# DATASET RECORDS
────────────────────────────────────────

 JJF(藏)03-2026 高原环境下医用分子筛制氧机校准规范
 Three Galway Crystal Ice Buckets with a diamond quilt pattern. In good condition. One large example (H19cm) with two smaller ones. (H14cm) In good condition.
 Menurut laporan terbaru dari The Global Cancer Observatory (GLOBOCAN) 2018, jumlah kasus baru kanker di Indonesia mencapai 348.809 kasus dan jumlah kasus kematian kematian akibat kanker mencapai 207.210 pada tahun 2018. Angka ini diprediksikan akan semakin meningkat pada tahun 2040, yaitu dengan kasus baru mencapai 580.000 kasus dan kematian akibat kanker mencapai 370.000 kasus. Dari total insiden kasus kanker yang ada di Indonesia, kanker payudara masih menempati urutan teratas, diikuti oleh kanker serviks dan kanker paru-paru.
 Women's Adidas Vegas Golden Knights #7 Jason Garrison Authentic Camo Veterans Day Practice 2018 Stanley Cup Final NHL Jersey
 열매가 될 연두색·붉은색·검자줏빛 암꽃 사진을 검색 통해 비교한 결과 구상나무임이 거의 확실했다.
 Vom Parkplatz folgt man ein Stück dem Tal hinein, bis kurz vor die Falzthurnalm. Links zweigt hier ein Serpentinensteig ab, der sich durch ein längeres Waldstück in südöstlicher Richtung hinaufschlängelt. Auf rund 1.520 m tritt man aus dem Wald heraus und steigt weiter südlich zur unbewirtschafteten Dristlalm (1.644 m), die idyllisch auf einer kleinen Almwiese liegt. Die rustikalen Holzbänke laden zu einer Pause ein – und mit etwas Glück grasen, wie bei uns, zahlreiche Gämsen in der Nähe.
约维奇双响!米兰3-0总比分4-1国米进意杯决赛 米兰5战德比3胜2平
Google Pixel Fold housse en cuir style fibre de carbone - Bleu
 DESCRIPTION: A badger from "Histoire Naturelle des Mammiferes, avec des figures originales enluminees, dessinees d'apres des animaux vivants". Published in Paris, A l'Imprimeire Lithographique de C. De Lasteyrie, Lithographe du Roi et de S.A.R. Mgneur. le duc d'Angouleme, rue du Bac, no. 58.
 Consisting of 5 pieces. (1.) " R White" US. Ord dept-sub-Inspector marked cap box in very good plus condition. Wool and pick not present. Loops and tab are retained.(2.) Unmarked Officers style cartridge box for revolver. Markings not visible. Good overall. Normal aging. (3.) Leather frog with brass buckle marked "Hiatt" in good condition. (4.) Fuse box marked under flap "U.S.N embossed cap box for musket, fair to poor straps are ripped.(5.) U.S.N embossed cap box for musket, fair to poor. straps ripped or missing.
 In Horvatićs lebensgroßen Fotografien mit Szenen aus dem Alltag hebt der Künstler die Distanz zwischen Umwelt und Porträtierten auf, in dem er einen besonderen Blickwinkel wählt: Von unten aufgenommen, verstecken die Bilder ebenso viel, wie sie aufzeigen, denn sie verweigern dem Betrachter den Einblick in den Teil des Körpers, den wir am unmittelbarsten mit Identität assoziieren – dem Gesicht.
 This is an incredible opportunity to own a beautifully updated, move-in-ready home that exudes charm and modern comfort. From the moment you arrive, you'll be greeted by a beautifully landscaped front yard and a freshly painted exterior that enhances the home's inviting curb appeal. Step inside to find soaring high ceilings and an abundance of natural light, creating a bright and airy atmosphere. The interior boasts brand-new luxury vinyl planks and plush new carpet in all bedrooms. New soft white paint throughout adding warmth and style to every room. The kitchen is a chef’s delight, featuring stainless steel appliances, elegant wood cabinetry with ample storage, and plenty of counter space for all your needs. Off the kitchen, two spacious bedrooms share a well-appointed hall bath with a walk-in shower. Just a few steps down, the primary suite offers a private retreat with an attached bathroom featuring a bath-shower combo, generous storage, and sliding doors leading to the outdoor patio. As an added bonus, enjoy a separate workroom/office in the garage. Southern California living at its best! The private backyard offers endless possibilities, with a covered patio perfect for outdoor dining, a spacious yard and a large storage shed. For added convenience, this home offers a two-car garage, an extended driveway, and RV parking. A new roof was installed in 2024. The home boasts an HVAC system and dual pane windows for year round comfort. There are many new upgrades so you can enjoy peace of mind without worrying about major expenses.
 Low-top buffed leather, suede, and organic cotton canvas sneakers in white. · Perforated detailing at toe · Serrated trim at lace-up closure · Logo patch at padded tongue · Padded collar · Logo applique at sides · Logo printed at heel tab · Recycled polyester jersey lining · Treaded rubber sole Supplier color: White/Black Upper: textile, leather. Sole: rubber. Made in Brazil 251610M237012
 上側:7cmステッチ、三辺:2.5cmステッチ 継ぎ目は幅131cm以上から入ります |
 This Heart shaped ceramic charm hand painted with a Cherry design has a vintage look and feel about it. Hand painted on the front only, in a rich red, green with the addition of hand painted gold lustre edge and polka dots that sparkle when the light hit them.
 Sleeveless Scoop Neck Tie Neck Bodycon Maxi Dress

────────────────────────────────────────

# ASSIGNMENT
Give the listing once more, unchanged in every line.

# SOLUTION FOR THIS EXERCISE
 JJF(藏)03-2026 高原环境下医用分子筛制氧机校准规范
 Three Galway Crystal Ice Buckets with a diamond quilt pattern. In good condition. One large example (H19cm) with two smaller ones. (H14cm) In good condition.
 Menurut laporan terbaru dari The Global Cancer Observatory (GLOBOCAN) 2018, jumlah kasus baru kanker di Indonesia mencapai 348.809 kasus dan jumlah kasus kematian kematian akibat kanker mencapai 207.210 pada tahun 2018. Angka ini diprediksikan akan semakin meningkat pada tahun 2040, yaitu dengan kasus baru mencapai 580.000 kasus dan kematian akibat kanker mencapai 370.000 kasus. Dari total insiden kasus kanker yang ada di Indonesia, kanker payudara masih menempati urutan teratas, diikuti oleh kanker serviks dan kanker paru-paru.
 Women's Adidas Vegas Golden Knights #7 Jason Garrison Authentic Camo Veterans Day Practice 2018 Stanley Cup Final NHL Jersey
 열매가 될 연두색·붉은색·검자줏빛 암꽃 사진을 검색 통해 비교한 결과 구상나무임이 거의 확실했다.
 Vom Parkplatz folgt man ein Stück dem Tal hinein, bis kurz vor die Falzthurnalm. Links zweigt hier ein Serpentinensteig ab, der sich durch ein längeres Waldstück in südöstlicher Richtung hinaufschlängelt. Auf rund 1.520 m tritt man aus dem Wald heraus und steigt weiter südlich zur unbewirtschafteten Dristlalm (1.644 m), die idyllisch auf einer kleinen Almwiese liegt. Die rustikalen Holzbänke laden zu einer Pause ein – und mit etwas Glück grasen, wie bei uns, zahlreiche Gämsen in der Nähe.
约维奇双响!米兰3-0总比分4-1国米进意杯决赛 米兰5战德比3胜2平
Google Pixel Fold housse en cuir style fibre de carbone - Bleu
 DESCRIPTION: A badger from "Histoire Naturelle des Mammiferes, avec des figures originales enluminees, dessinees d'apres des animaux vivants". Published in Paris, A l'Imprimeire Lithographique de C. De Lasteyrie, Lithographe du Roi et de S.A.R. Mgneur. le duc d'Angouleme, rue du Bac, no. 58.
 Consisting of 5 pieces. (1.) " R White" US. Ord dept-sub-Inspector marked cap box in very good plus condition. Wool and pick not present. Loops and tab are retained.(2.) Unmarked Officers style cartridge box for revolver. Markings not visible. Good overall. Normal aging. (3.) Leather frog with brass buckle marked "Hiatt" in good condition. (4.) Fuse box marked under flap "U.S.N embossed cap box for musket, fair to poor straps are ripped.(5.) U.S.N embossed cap box for musket, fair to poor. straps ripped or missing.
 In Horvatićs lebensgroßen Fotografien mit Szenen aus dem Alltag hebt der Künstler die Distanz zwischen Umwelt und Porträtierten auf, in dem er einen besonderen Blickwinkel wählt: Von unten aufgenommen, verstecken die Bilder ebenso viel, wie sie aufzeigen, denn sie verweigern dem Betrachter den Einblick in den Teil des Körpers, den wir am unmittelbarsten mit Identität assoziieren – dem Gesicht.
 This is an incredible opportunity to own a beautifully updated, move-in-ready home that exudes charm and modern comfort. From the moment you arrive, you'll be greeted by a beautifully landscaped front yard and a freshly painted exterior that enhances the home's inviting curb appeal. Step inside to find soaring high ceilings and an abundance of natural light, creating a bright and airy atmosphere. The interior boasts brand-new luxury vinyl planks and plush new carpet in all bedrooms. New soft white paint throughout adding warmth and style to every room. The kitchen is a chef’s delight, featuring stainless steel appliances, elegant wood cabinetry with ample storage, and plenty of counter space for all your needs. Off the kitchen, two spacious bedrooms share a well-appointed hall bath with a walk-in shower. Just a few steps down, the primary suite offers a private retreat with an attached bathroom featuring a bath-shower combo, generous storage, and sliding doors leading to the outdoor patio. As an added bonus, enjoy a separate workroom/office in the garage. Southern California living at its best! The private backyard offers endless possibilities, with a covered patio perfect for outdoor dining, a spacious yard and a large storage shed. For added convenience, this home offers a two-car garage, an extended driveway, and RV parking. A new roof was installed in 2024. The home boasts an HVAC system and dual pane windows for year round comfort. There are many new upgrades so you can enjoy peace of mind without worrying about major expenses.
 Low-top buffed leather, suede, and organic cotton canvas sneakers in white. · Perforated detailing at toe · Serrated trim at lace-up closure · Logo patch at padded tongue · Padded collar · Logo applique at sides · Logo printed at heel tab · Recycled polyester jersey lining · Treaded rubber sole Supplier color: White/Black Upper: textile, leather. Sole: rubber. Made in Brazil 251610M237012
 上側:7cmステッチ、三辺:2.5cmステッチ 継ぎ目は幅131cm以上から入ります |
 This Heart shaped ceramic charm hand painted with a Cherry design has a vintage look and feel about it. Hand painted on the front only, in a rich red, green with the addition of hand painted gold lustre edge and polka dots that sparkle when the light hit them.
 Sleeveless Scoop Neck Tie Neck Bodycon Maxi Dress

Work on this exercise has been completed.